» Stored items from a collection

□ □ □ □

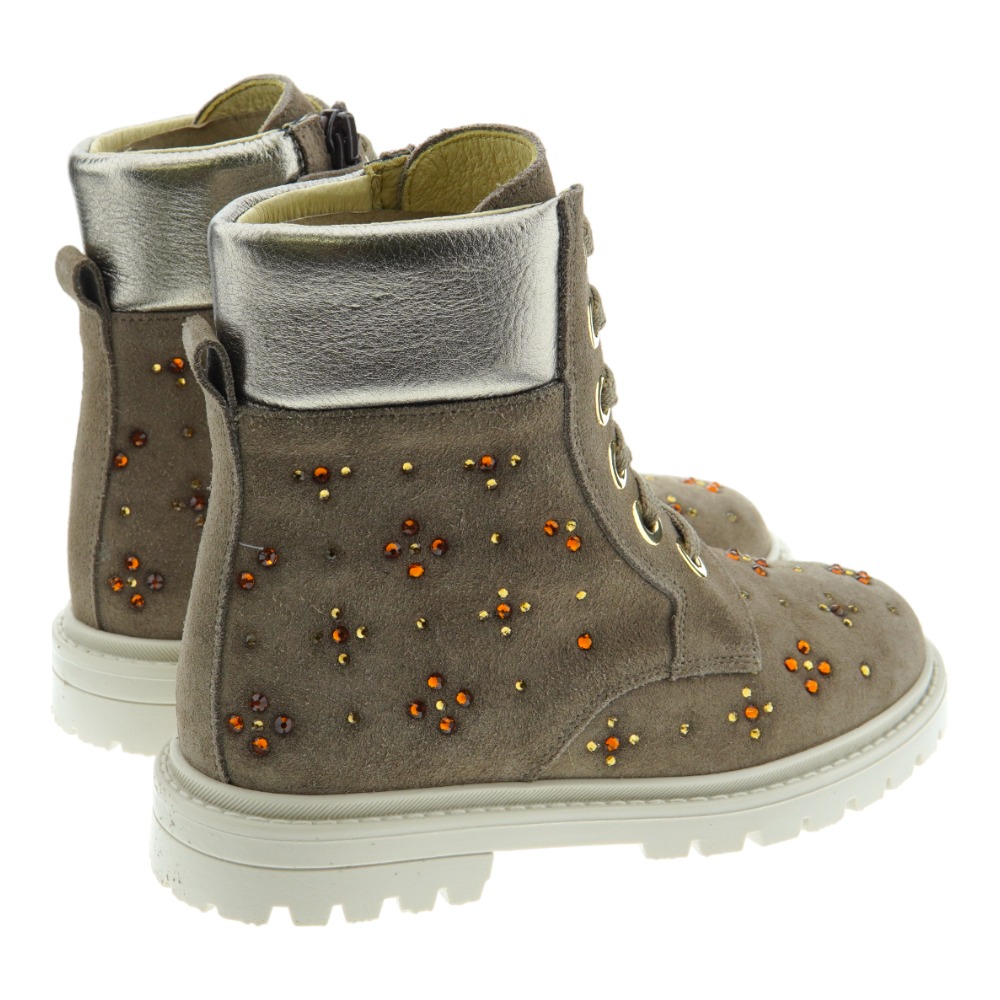 Piel de nobuck cuero. Consejos de talla: Calzan el número. Estos botines son los más combinables para looks de diario de estilo casual con leggins, tejanos o vestidos más informales. El detalle de las tachas los hace tan actuales y a la moda.
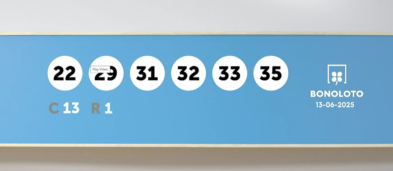 Los números agraciados en el sorteo de la Bonoloto del viernes 13 de junio de 2025 son los siguientes: 33, 31, 35, 22, 29, 32. El número complementario es el 13 y el reintegro el 1.
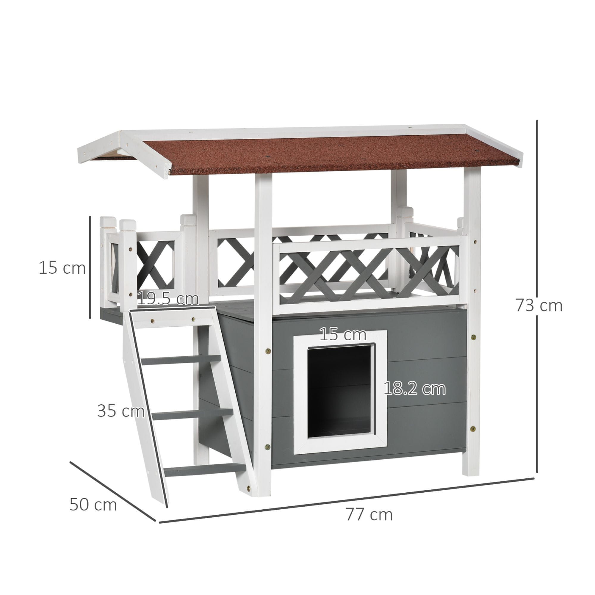 PAWHUT Lesena zunanja hišica za mačke in male živali z boksom, teraso in lestvijo, 77x50x73cm, večbarvna
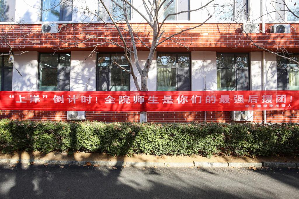条幅高悬,祝福入心。yl8cc永利官网在自习区主干道两侧悬挂了多幅醒目的祝福条幅。红底白字的“执笔为剑,一战成硕”“奋斗今朝,梦想绽放”等话语,如旗帜般高扬在冬日晴空下,既为备考学子营造了振奋昂扬的环境氛围,也以最直接的方式传递出全院师生对考研人的坚定支持与美好祝愿。每一条横幅都承载着温暖的期许,陪伴着学子们走过这段全力以赴的奋斗时光。
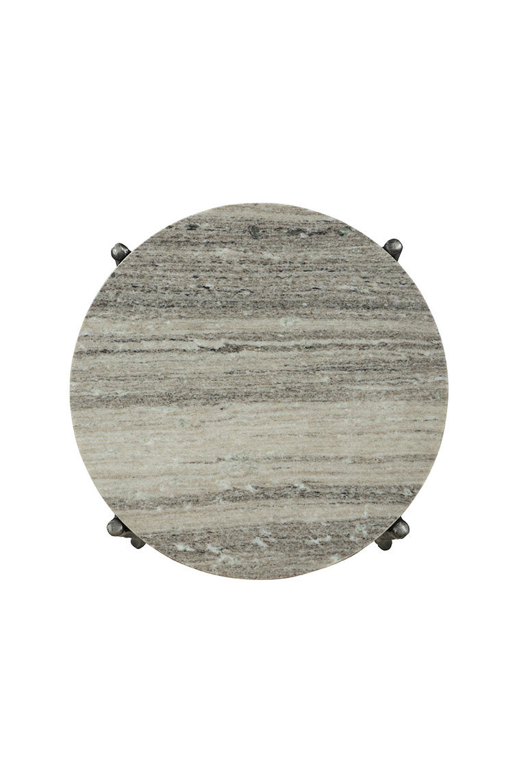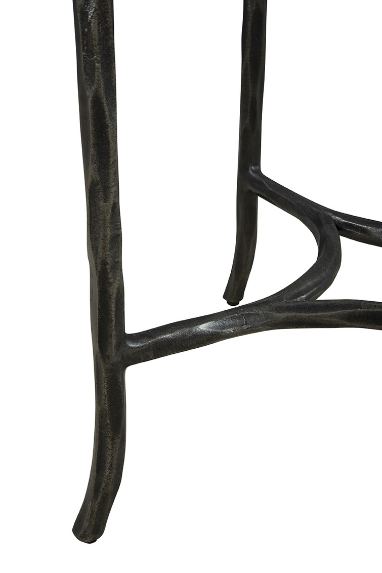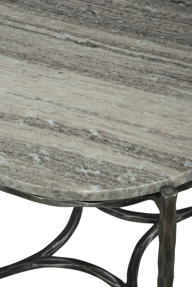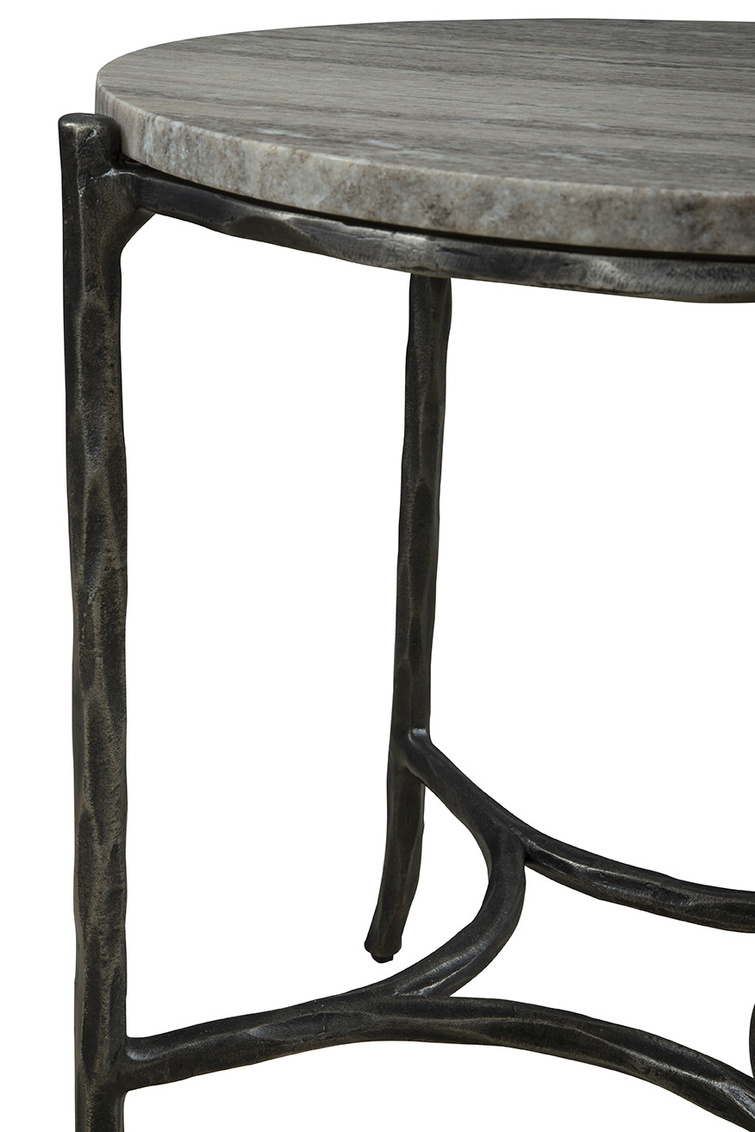 Meet the Stonewall End Table, a modern and subtly refined piece. The table showcases a black hand-hammered metal base, adding texture and a touch of craftsmanship to its design. Topping off the base is a sleek marble tabletop, providing a perfect surface for resting your essentials like drinks, phones, or books. Enhance your living space with the stylish and practical elegance of the Stonewall End Table.
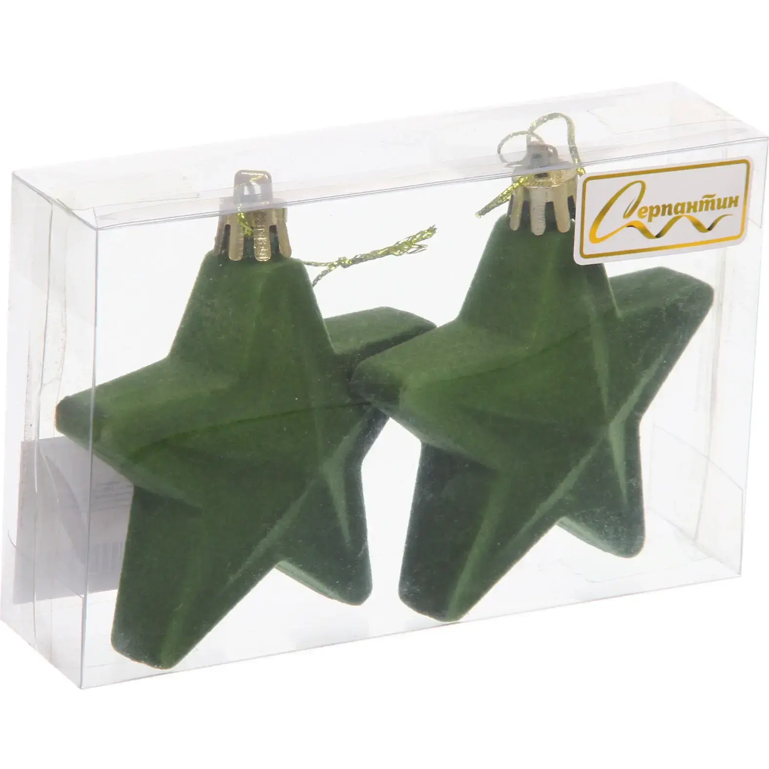 Набор ёлочных украшений VELOUR «Звезда» 8 см (набор 2 шт), Изумруд, пластик, для елки и декорирования

□ □ □ □

» WHAT THIS TASK INVOLVES
Pictures in the entries do not go into the copy. Print only the lines starting at the one containing "Los números agraciados" and ending at the one containing "PAWHUT Lesena zunanja", exactly as they appear.

» RESULT
 Los números agraciados en el sorteo de la Bonoloto del viernes 13 de junio de 2025 son los siguientes: 33, 31, 35, 22, 29, 32. El número complementario es el 13 y el reintegro el 1.
 PAWHUT Lesena zunanja hišica za mačke in male živali z boksom, teraso in lestvijo, 77x50x73cm, večbarvna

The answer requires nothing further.